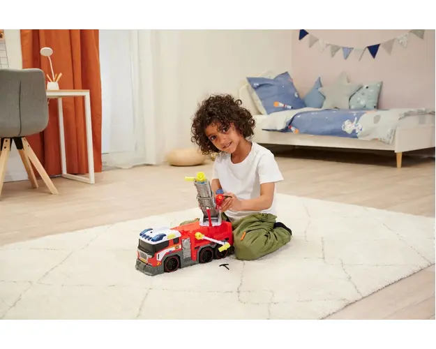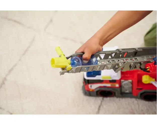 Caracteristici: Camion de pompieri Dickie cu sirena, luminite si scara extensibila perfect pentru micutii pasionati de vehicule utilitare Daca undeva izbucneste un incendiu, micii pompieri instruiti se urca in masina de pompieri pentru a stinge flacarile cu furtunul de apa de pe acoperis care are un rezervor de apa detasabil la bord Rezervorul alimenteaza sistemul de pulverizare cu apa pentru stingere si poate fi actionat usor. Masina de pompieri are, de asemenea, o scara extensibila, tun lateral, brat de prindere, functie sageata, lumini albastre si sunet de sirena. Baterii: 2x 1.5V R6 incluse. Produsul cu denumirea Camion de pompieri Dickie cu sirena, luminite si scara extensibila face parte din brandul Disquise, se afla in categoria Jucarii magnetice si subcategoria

§

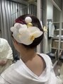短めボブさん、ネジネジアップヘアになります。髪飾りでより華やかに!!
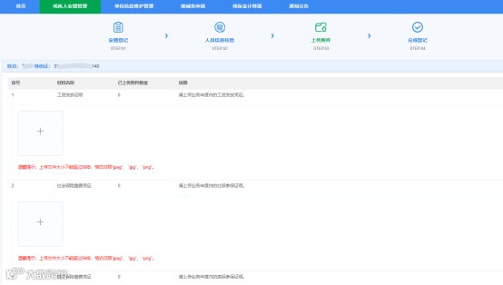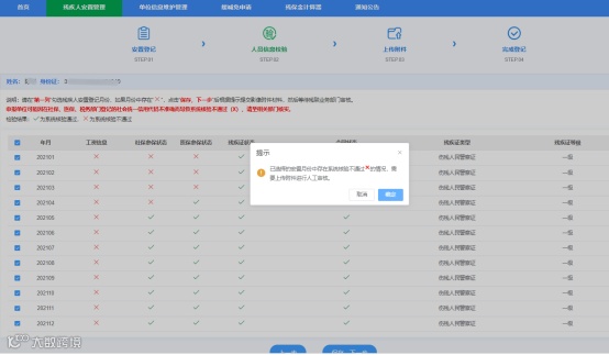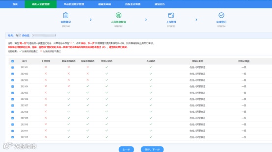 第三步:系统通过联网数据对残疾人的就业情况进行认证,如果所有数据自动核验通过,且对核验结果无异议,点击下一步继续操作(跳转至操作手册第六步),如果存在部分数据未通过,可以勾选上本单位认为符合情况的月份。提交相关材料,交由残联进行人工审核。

§

> **Exercise prompt**
Text only, no pictures: please print exactly the lines above from the line with "短めボブさん、ネジネジアップヘアになります。髪飾りでより華やかに!!" up to and including the line with "第三步:系统通过联网数据对残", and nothing else.

> **Your solution**
短めボブさん、ネジネジアップヘアになります。髪飾りでより華やかに!!
 第三步:系统通过联网数据对残疾人的就业情况进行认证,如果所有数据自动核验通过,且对核验结果无异议,点击下一步继续操作(跳转至操作手册第六步),如果存在部分数据未通过,可以勾选上本单位认为符合情况的月份。提交相关材料,交由残联进行人工审核。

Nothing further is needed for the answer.